:: WORK TO COMPLETE ::
When the line with "L’aubergine est coupée" turns up below, begin repeating exactly, and carry on through the line with "This stack comes"; no pictures go into the copy.

:: RECORDS TO USE ::
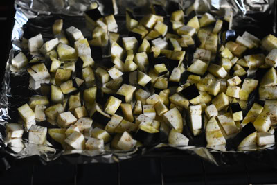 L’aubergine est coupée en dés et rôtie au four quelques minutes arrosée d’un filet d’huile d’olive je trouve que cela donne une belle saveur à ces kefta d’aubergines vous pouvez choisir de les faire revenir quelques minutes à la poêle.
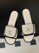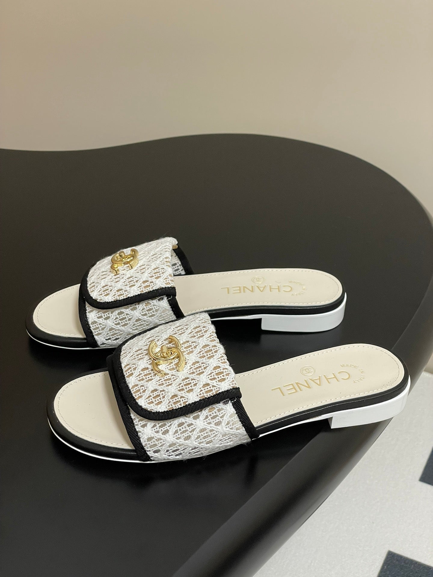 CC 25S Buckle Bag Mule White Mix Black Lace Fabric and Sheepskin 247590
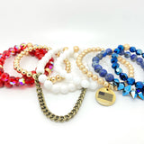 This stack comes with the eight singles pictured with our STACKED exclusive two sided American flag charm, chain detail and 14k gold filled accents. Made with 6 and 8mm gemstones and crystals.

--

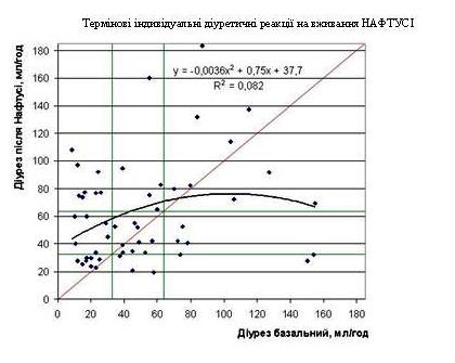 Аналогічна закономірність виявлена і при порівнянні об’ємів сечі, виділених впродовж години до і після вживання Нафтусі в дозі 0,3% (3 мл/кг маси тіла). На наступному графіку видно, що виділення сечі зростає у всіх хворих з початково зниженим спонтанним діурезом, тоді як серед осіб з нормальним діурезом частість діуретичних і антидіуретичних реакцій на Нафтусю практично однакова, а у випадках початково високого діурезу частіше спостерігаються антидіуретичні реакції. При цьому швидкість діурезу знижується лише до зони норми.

* * *

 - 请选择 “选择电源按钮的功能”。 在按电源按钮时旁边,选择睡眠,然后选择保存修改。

:: TASK RESPONSE ::
 L’aubergine est coupée en dés et rôtie au four quelques minutes arrosée d’un filet d’huile d’olive je trouve que cela donne une belle saveur à ces kefta d’aubergines vous pouvez choisir de les faire revenir quelques minutes à la poêle.
 CC 25S Buckle Bag Mule White Mix Black Lace Fabric and Sheepskin 247590
 This stack comes with the eight singles pictured with our STACKED exclusive two sided American flag charm, chain detail and 14k gold filled accents. Made with 6 and 8mm gemstones and crystals.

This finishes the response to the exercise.